The most effective of these alternatives is JustEgg, developed by Eat Just, the company also behind one of the first forms of lab-grown chicken meat sold in the United States. While JustEgg is mostly made of mung beans, not lab-cultivated egg protein, this golden yellow liquid performs remarkably similarly to scrambled eggs.
I haven't eaten eggs in over three years, and JustEgg is a grocery staple for my family. It makes excellent (eggcellent?) scrambled eggs in the morning, but it's also my go-to for baking, as most other popular egg replacers just don't pack the protein and texture necessary to properly mimic chicken eggs. Coming in at $7.49 for a 16-ounce carton (roughly eight eggs' worth of liquid) at a nearby Safeway, it's more expensive than most regular eggs. But if a recent trip to my local Whole Foods was any indication, it's also the egg-like item most reliably in stock—so maybe give it a try?

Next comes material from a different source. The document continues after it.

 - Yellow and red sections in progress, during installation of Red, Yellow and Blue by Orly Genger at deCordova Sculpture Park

This next egg alternative is more of a pure novelty than a workable swap for eggs. At several vegan restaurants, I've been able to try Yo Egg, which imitates poached and sunny-side-up eggs, runny yolk and all. While I find the white to be a bit rubbery, the yolk is spot-on, to the point that one of my meat-eating friends had to do a double-take when he tried it.

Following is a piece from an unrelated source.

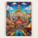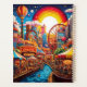 lebhafte und farbenfrohe Parklandschaft. In der Mitte befindet sich ein großes Riesenrad mit dem Wort "SKYLANE". Das Riesenrad ist von verschiedenen skurrilen Strukturen umgeben, darunter Türme und Zelte mit Fahnen. Der Himmel ist voll von Heißluftballons und flauschigen Wolken. Auf den Wegen wird eine Menge Besucher gesehen, die die festliche Umgebung genießen. Das Ambiente ist eine aufregende und unterhaltsame Atmosphäre, typisch für einen Messe- oder Themenpark.

These egg alternatives show that, when someone has a good—or possibly a little wacky—idea, they can develop it, and sell it to people who get value out of it. As someone who doesn't eat eggs, these alternatives have made my life easier and better, and I hope that by voting with my dollars, even more motivated entrepreneurs will come up with better and more exciting egg substitutes.
While lab-grown meat has come under fire from protectionist state governments in recent years, realistic (but not lab-cultivated) egg alternatives have stayed relatively safe from overzealous regulators. Let's hope that as egg alternatives become more and more realistic, and therefore more likely to compete with chicken eggs, the government says out of this particular rooster fight.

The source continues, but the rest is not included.